Composer: Henry Purcell (b. 1659 - d. 1695)
Share :

Details

Composer: Henry Purcell (b. 1659 - d. 1695)

Performance date: 01/07/2014

Venue: St. Brendan’s Church

Composition Year: 1684/5

Duration: 00:04:14

Recording Engineer: Richard McCullough, RTE

Instrumentation Category:Small Mixed Ensemble

Instrumentation Other: S-solo, 2vn, va, vc, db, lu/gui

Artists: Maria Keohane - [soprano]
Concerto Copenhagen (Peter Spissky, Fredrik From, Antina Hugosson [violins], Torbjörn Köhl [viola], Kate Hearne [cello], Mattias Frostenson [bass], Fredrik Bock [archlute, guitar], Lars-Ulrik Mortensen [harpsichord, director]) - [baroque ensemble]

The original text of
O Solitude was by the French poet
Antoine de Saint-Amant. It was skillfully translated by the poet Katherine
Philips, who was particularly famous for her translation of Corneille’s Pompée into rhyming verse. It was the
first rhymed translation of a French tragedy and was produced in Dublin at the
Smock Alley Theatre, the first stage production ever of a play in English
written by a woman. She died of smallpox when only 32. Purcell’s setting is
based on twenty-eight repetitions of a ground bass.
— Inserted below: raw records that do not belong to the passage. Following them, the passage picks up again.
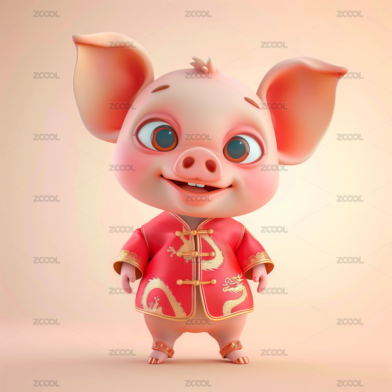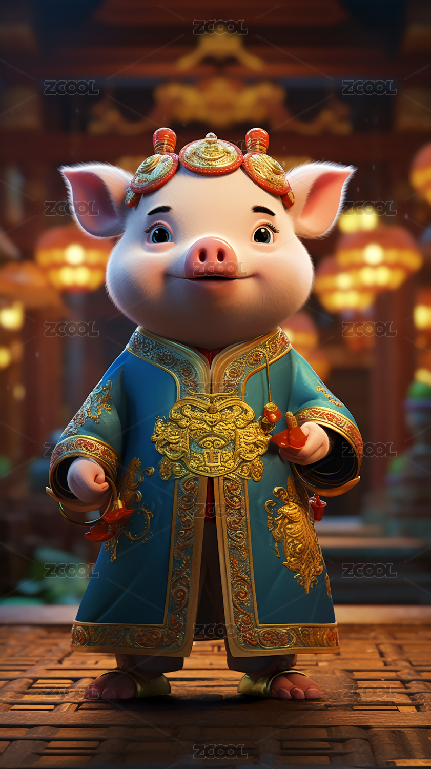 3D卡通中式传统猪插画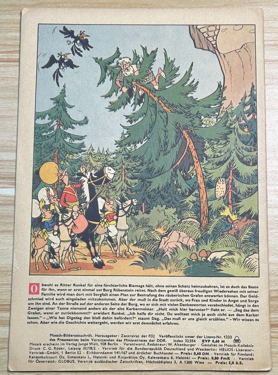 "Mosaik Hannes Hegen Digedags Nr 145 Ritter Runkels Heimkehr" ist ein Comicstrip aus der deutschen Comic-Tradition, gezeichnet und geschrieben von Hannes Hegen. Diese Ausgabe ist Teil der beliebten Serie und zeigt die Abenteuer der bekannten Figur Digedag. Sammler von europäischen Comics werden von diesem Stück begeistert sein, das eine authentische und einzigartige Ergänzung zu ihrer Sammlung darstellt. Perfekt für Comicliebhaber und Fans von Comicstrips, die auf der Suche nach seltenen und begehrten Stücken sind.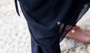 ひらひらとなびく透け感のある生地が華やかなアクセント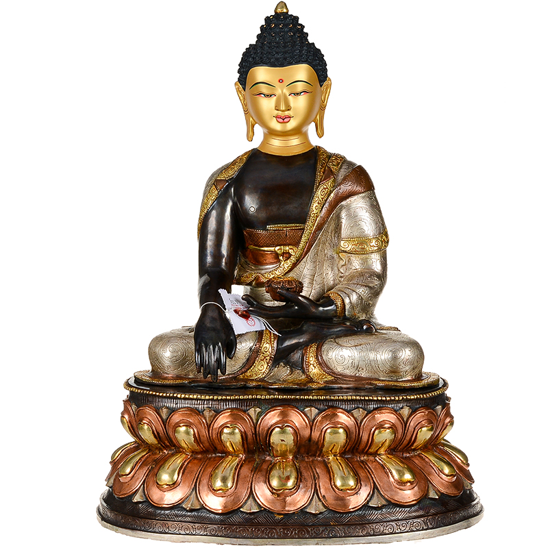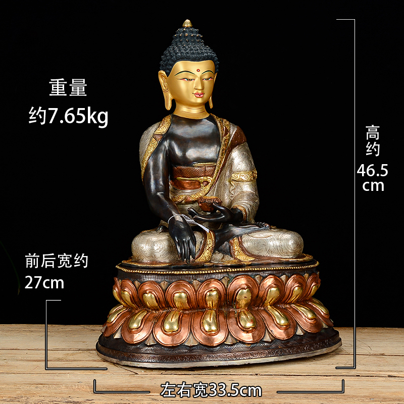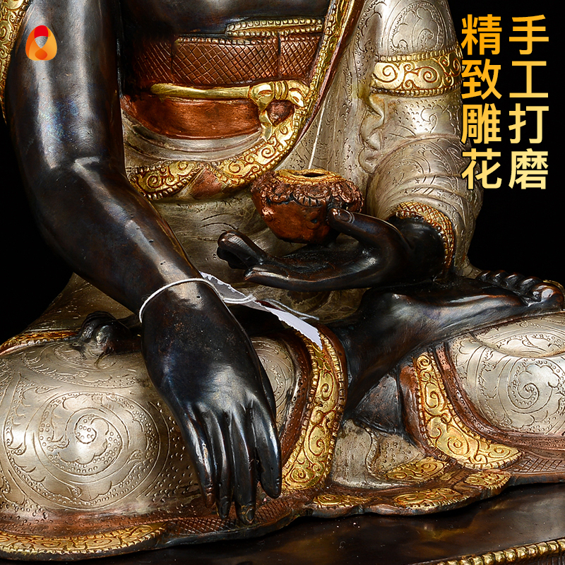 释迦摩尼铜像尼泊尔手工紫铜镀金镀银15寸释迦牟尼现代摆件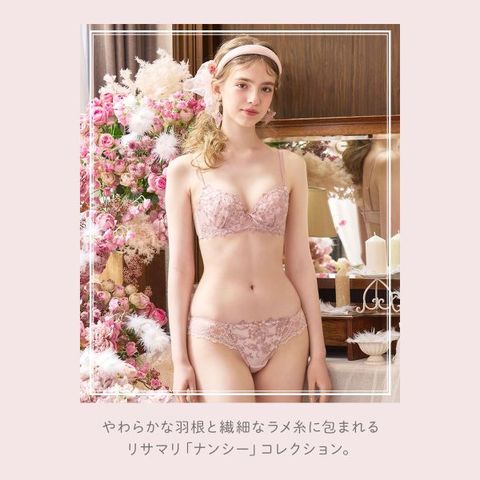 ふんわりとした羽根をイメージしたデザインと、繊細なラメ糸を上品にミックスさせた、リサマリ「ナンシー」コレクション。レース全体に細やかなステッチで小花と羽根を刺繍して、ワントーンながらも華やかさをプラス。その上からふわふわと舞い落ちたような羽根のアップリケをあしらうことで、立体感と儚さを演出しました。

Over this hypnotic bass
Purcell illustrates the imaginative text with a ravishing melody, hiding the
regularity of the bass with overlapping vocal phrases and wonderful harmonic
variety.  There is much vivid word
painting – the phrase O Solitude recurs
throughout the song to a selection of
desolately falling intervals whereas today
as fresh and green
optimistically rises through the scale.